Alongside our partners, we have had the pleasure of working with cities to engage their residents, empower city employees, optimise city operations and infrastructure, and transform to accelerate innovation and opportunity. You can call these cities as “smart”, “intelligent”, “digital”, “cyber”, “informational” or “wired” but the objective remains the same – improved efficiency, sustainability, and competitiveness — offering a better economy and higher quality of life to its residents.

Supporting one of the top ten biggest US cities in becoming “smart”

The city sought a connected, modernised infrastructure for better governance, economic development, stable connectivity and improved quality of life for its residents. The answer to addressing these problems was smart city solutions. Smart cities rely on a combination of core technologies such as computing, storage, databases, data warehouses and advanced technologies, including analytics on big data, real-time streaming data, AI, ML and IoT.

The most common barriers cities face when implementing smart city technologies is the in-house capacity and capability to design, implement and manage them and the investment needed to do the same.

How can cloud-based solutions support going “smart”

Cloud technology is designed to lower entry barriers by allowing cities to optimise the use of these technologies to improve existing or create new services that positively affect their residents’ quality of life.

Smart cities generate enormous amounts of streaming data from sensors, edge devices and the backhaul infrastructure.

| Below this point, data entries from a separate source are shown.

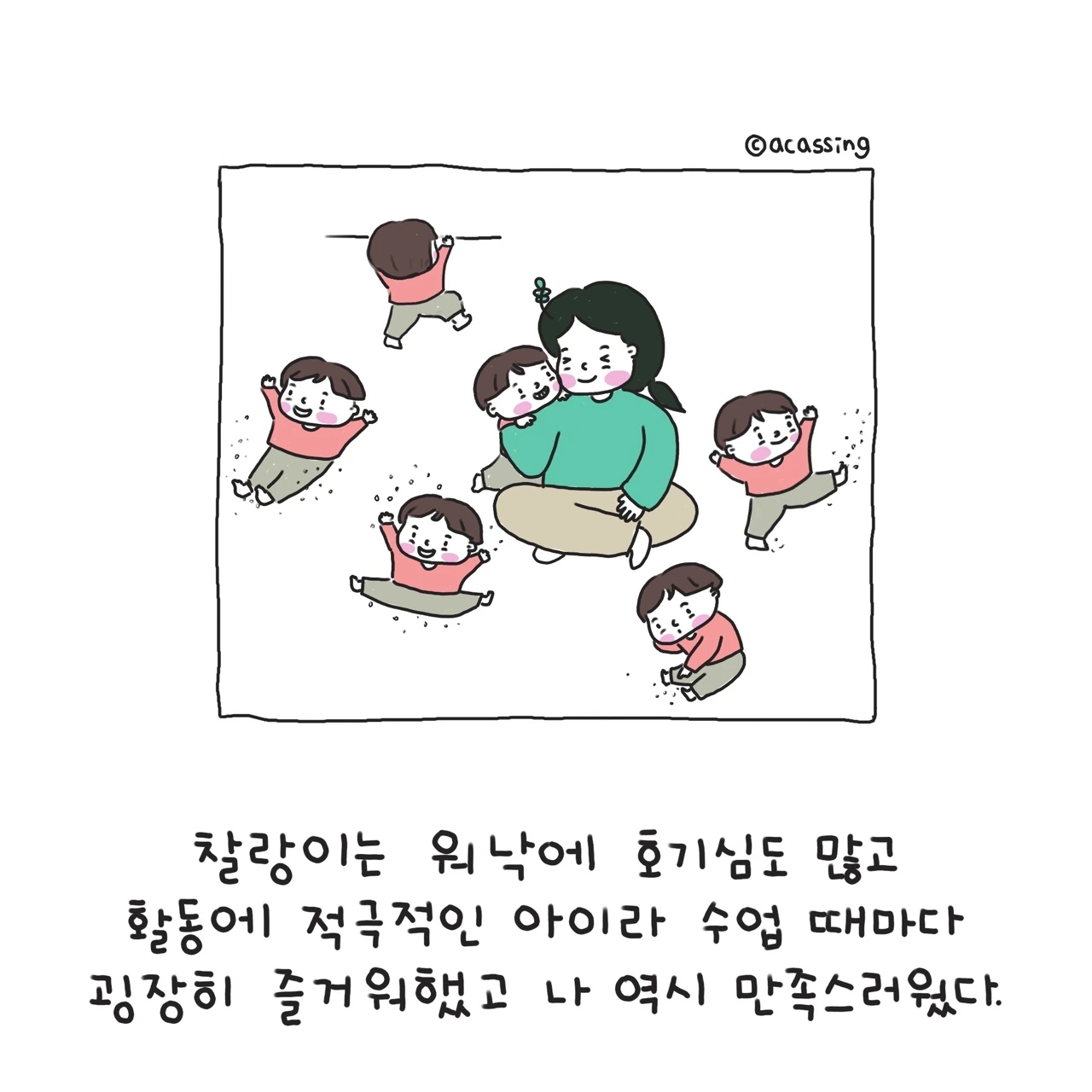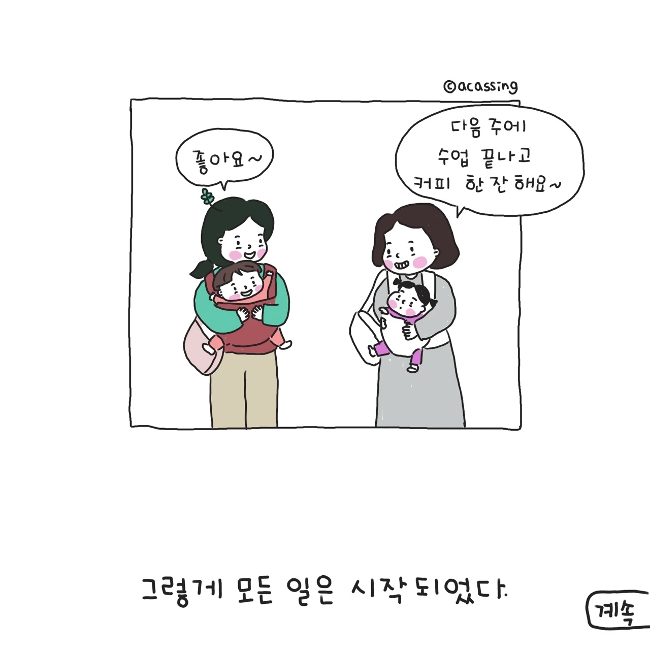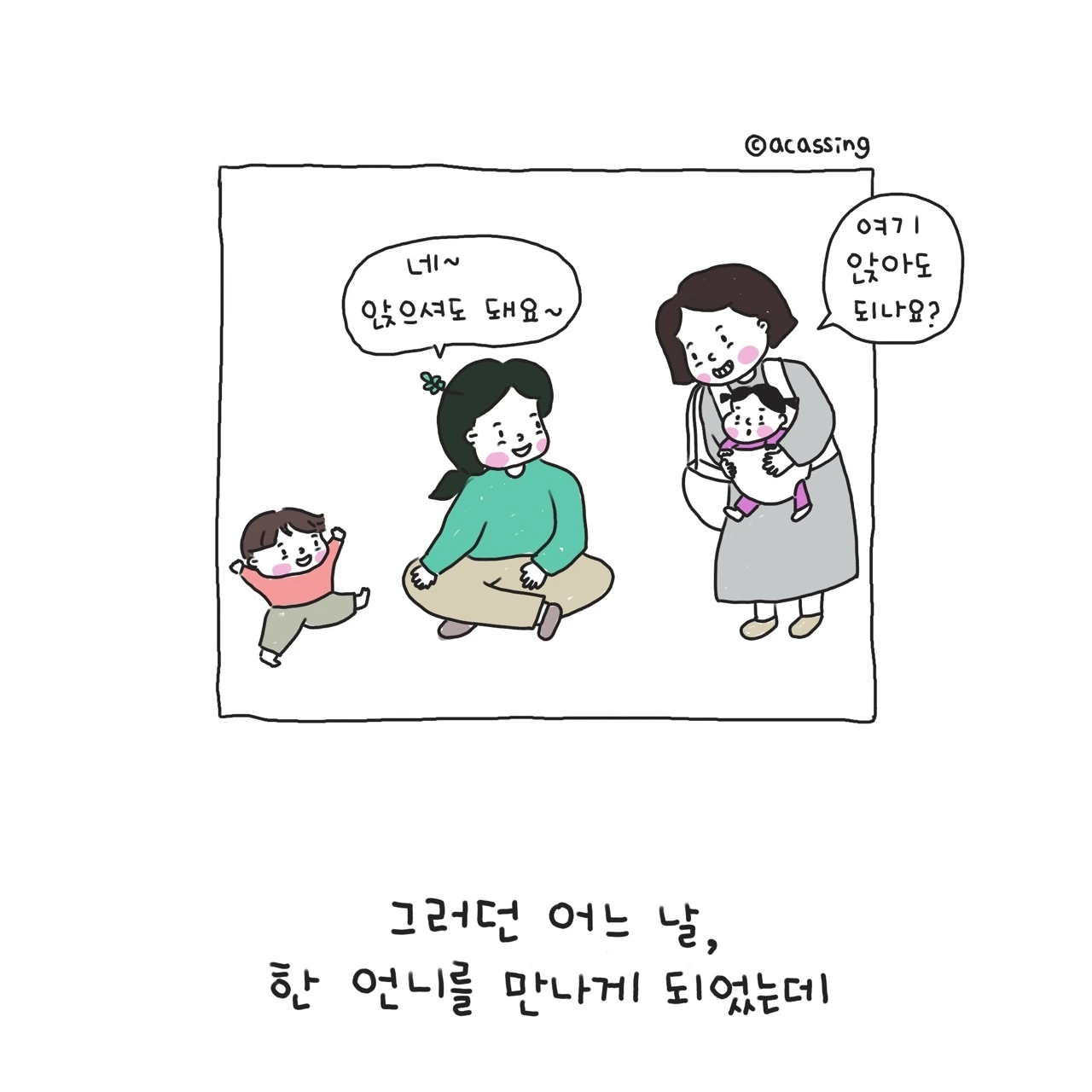 지독한 집순이 엄마를 밖으로 끌어내기에 충분했던 문화센터. 문화센터는 아이 키우는 엄마라면 필수코스다. 집에서 하기 힘든 다양한 경험을 할 수 있고 한껏 넘치는 아이의 에너지를 쏟기에도 좋다. 새로운 것을 거부감 없이 즐겁게 받아들이는 우리 찰랑이에게 정말 최적화된 시간이었다. 사실 문화센터는 육아하는 엄마들 간의 사귐이나 친목의 장으로도 유명하지만, 아이에게 쏟는 내 에너지만으로도 모자랄 판이었으니 누구를 사귈 여력은 크게 없었다. 조용한 내 시간을 즐기는 나에게 새로운 사귐은 어려웠고 버겁기도 했다. 그저 나의 가족들 가끔 연락할 오랜 친구 정도면 내 삶은 충분했고 또 감사였다.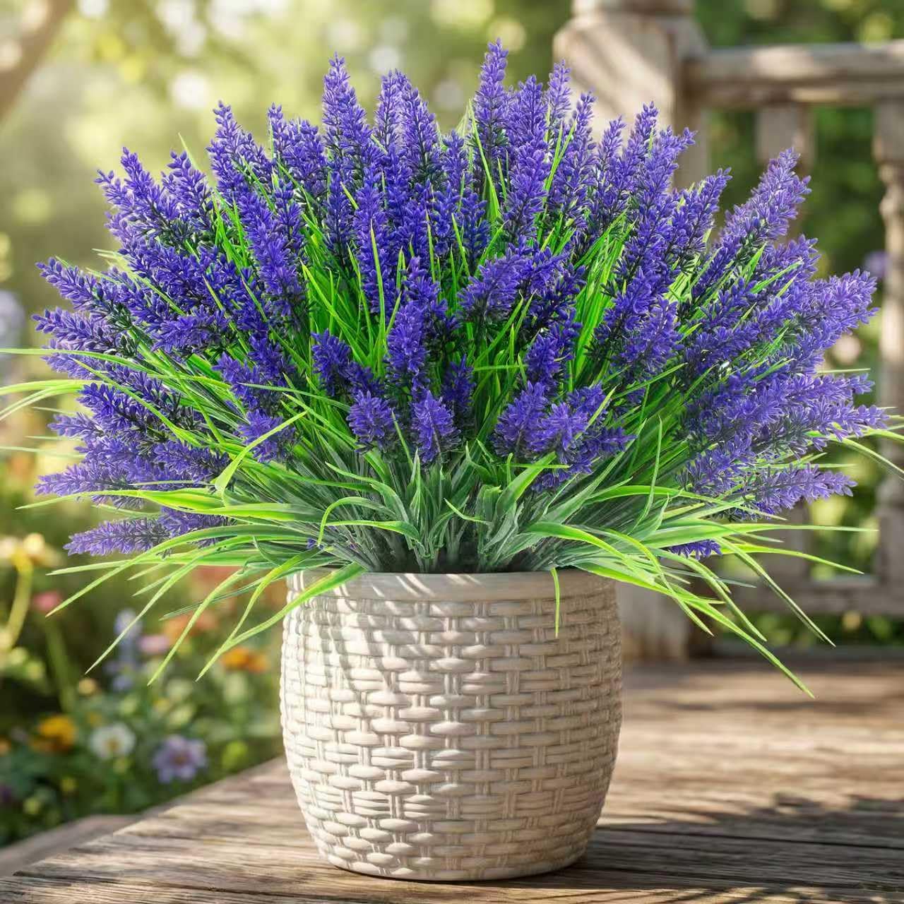 Bring the beauty of nature indoors with these artificial outdoor flowers from Rowfad. These lavender fake plants with purple flowers are perfect for adding a touch of vibrant color and lifelike charm to your home or office decor. Crafted from high-quality materials, these faux flowers are incredibly realistic and virtually indistinguishable from the real thing. Whether you place them in a pot, window garden, hanging planter, or along a pathway, they'll instantly uplift any space with their delicate blooms and lush green stems. these artificial plants are an ideal size for decorating shelves, tables, or porches. Low-maintenance and long-lasting, they'll retain their fresh, radiant appearance for years to come without any watering or pruning required. Elevate your indoor or outdoor living areas with these stunning artificial lavender flowers from Rowfad.
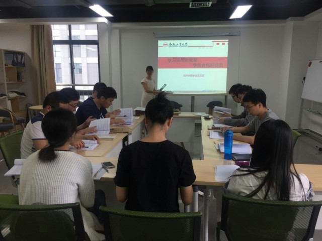 为进一步推进“两学一做”学习教育常态化制度化,yl6809永利官网学生党支部于2018年5月4日下午四点组织学生党员在翡翠科教楼B910开展“学习贯彻新党章,争做合格好党员”主题党课活动,学生党支部书记袁杨华老师主讲。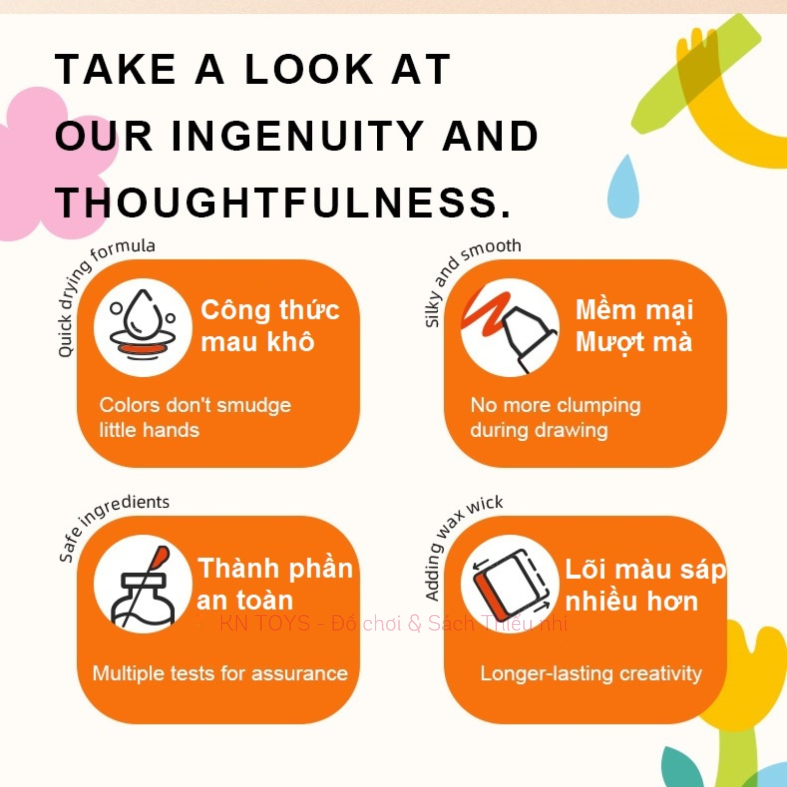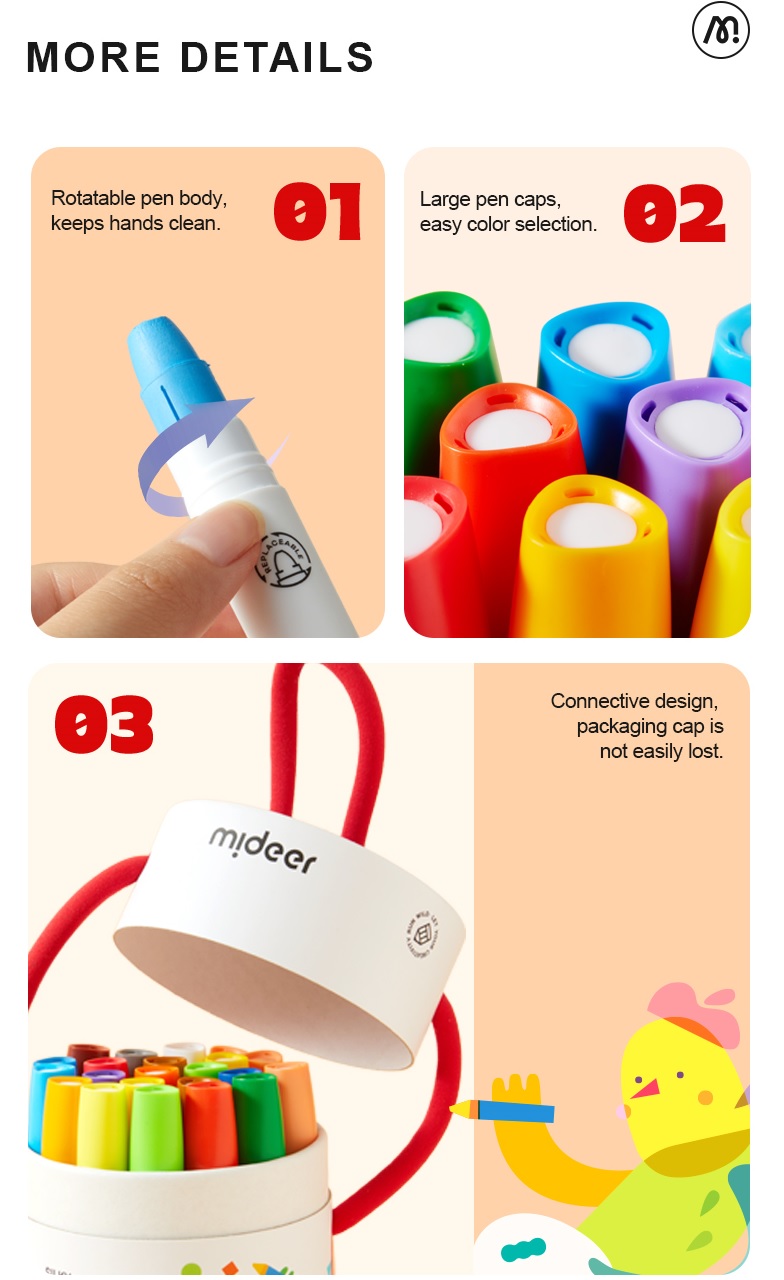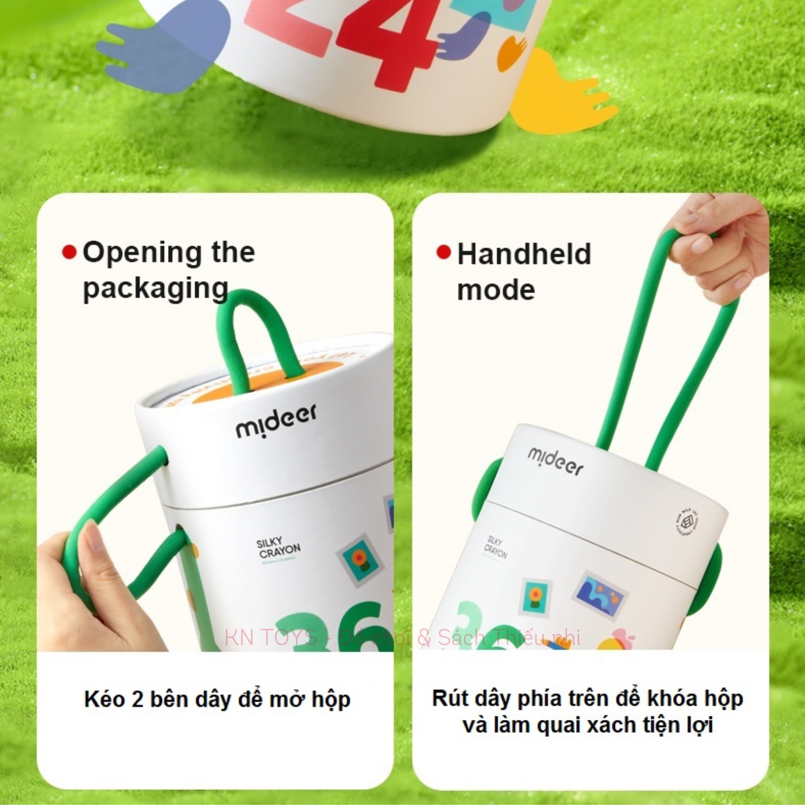 Bút sáp lụa tẩy rửa được của hãng Mideer giúp bé sẽ những phút giây thoả thích sáng tạo, tô tô vẽ vẽ theo ý thích, chắp cánh cho trí tưởng tượng bay xa mà không lo bẩn nhà.

Ingesting, storing and analysing this real-time data usually requires significant computing capacity. Data intake must take millions or even billions of devices into account. This capacity also must scale based on the amount of input and the type of analysis performed. The solution should be able to scale easily based on demand.

For example, in the case of proactive energy management, it is important to understand electricity usage patterns through deep analytics. Electricity usage stored in the data lake is consumed by the analytics and visualisation layers to derive value from it. Analysing large data sets typically requires significant compute capacity that can scale.

Most of the cloud vendors offer a highly distributed computing framework, providing capabilities for analysing such data in near real-time as well as through batches. One of the key components of the analytics layer is the use of machine learning for performing predictive analytics, either batch or real-time. ML service and ML modules have been built in cloud platforms which remove the need to learn complex algorithms/technology from scratch.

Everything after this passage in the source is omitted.